- Opening Delimiter -
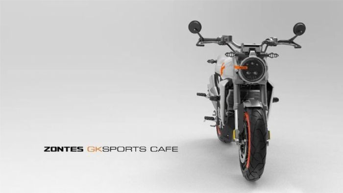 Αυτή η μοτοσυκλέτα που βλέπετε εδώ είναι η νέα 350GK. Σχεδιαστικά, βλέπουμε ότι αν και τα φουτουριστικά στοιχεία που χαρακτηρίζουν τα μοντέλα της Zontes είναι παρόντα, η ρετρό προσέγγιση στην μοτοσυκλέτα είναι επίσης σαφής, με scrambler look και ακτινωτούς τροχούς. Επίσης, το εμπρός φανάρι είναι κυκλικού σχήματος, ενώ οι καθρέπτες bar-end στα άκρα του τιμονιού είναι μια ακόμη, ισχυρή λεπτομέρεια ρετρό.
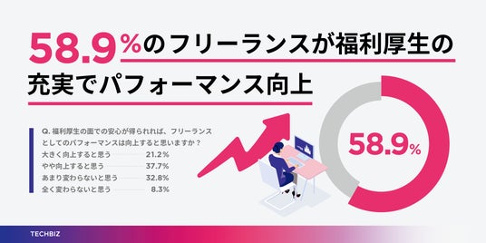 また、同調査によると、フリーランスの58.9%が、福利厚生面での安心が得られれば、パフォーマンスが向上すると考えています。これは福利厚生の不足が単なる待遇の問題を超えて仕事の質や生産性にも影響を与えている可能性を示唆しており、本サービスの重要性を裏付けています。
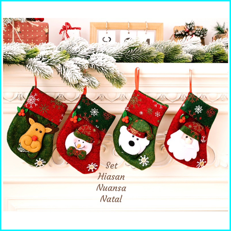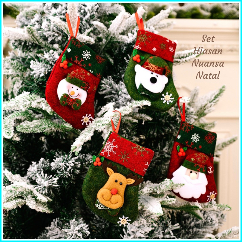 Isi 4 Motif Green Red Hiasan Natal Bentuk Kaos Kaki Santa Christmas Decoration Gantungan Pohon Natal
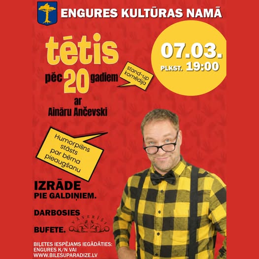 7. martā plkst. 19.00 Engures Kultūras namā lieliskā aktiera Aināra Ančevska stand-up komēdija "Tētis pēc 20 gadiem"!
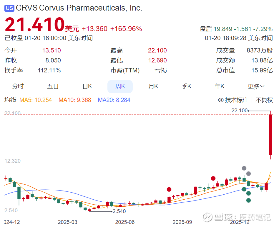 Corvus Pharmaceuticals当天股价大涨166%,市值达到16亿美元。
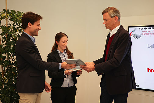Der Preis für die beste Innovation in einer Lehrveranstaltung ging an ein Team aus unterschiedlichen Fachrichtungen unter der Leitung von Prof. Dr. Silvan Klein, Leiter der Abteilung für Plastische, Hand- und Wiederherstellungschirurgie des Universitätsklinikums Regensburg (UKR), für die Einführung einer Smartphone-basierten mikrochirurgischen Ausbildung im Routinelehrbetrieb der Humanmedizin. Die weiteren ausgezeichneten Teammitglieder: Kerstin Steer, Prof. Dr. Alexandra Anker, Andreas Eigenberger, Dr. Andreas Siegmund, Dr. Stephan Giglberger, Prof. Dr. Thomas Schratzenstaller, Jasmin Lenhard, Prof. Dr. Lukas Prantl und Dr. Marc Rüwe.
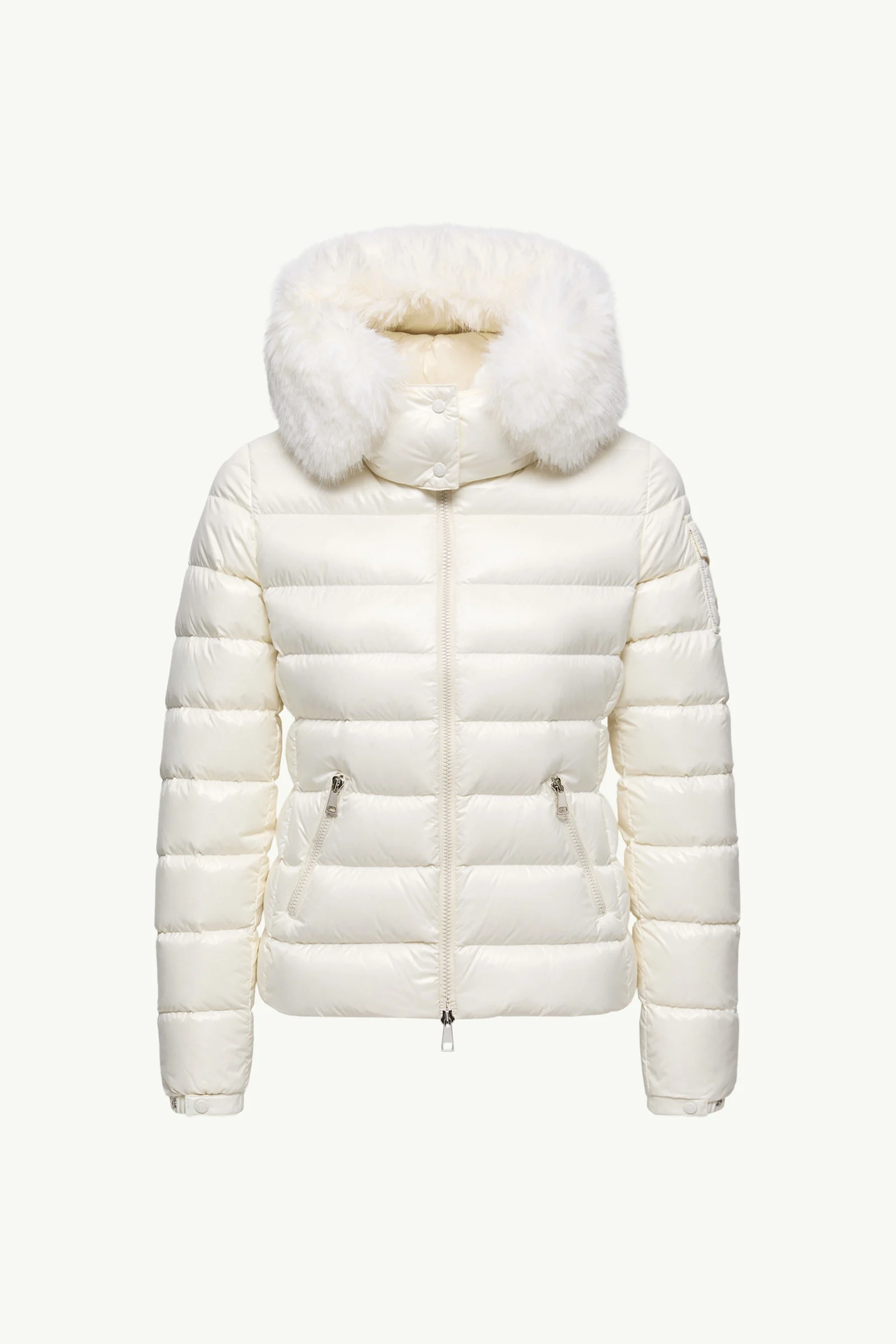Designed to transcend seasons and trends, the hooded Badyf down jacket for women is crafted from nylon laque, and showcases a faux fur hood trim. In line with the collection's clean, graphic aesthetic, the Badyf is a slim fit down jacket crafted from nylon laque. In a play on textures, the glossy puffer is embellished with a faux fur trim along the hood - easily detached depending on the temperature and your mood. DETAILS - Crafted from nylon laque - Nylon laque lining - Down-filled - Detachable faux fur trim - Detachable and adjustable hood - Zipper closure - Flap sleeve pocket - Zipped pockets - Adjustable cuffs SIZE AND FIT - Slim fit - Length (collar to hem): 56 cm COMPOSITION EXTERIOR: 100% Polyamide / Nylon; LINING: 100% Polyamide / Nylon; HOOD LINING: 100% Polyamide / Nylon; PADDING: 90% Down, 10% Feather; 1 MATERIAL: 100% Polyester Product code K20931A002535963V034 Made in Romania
- Closing Delimiter -
(WHAT YOU NEED TO DO): Reproduce the material above from its first line through the line containing "Isi 4 Motif", both ends included, and skip every picture.

(RESPONSE):
 Αυτή η μοτοσυκλέτα που βλέπετε εδώ είναι η νέα 350GK. Σχεδιαστικά, βλέπουμε ότι αν και τα φουτουριστικά στοιχεία που χαρακτηρίζουν τα μοντέλα της Zontes είναι παρόντα, η ρετρό προσέγγιση στην μοτοσυκλέτα είναι επίσης σαφής, με scrambler look και ακτινωτούς τροχούς. Επίσης, το εμπρός φανάρι είναι κυκλικού σχήματος, ενώ οι καθρέπτες bar-end στα άκρα του τιμονιού είναι μια ακόμη, ισχυρή λεπτομέρεια ρετρό.
 また、同調査によると、フリーランスの58.9%が、福利厚生面での安心が得られれば、パフォーマンスが向上すると考えています。これは福利厚生の不足が単なる待遇の問題を超えて仕事の質や生産性にも影響を与えている可能性を示唆しており、本サービスの重要性を裏付けています。
 Isi 4 Motif Green Red Hiasan Natal Bentuk Kaos Kaki Santa Christmas Decoration Gantungan Pohon Natal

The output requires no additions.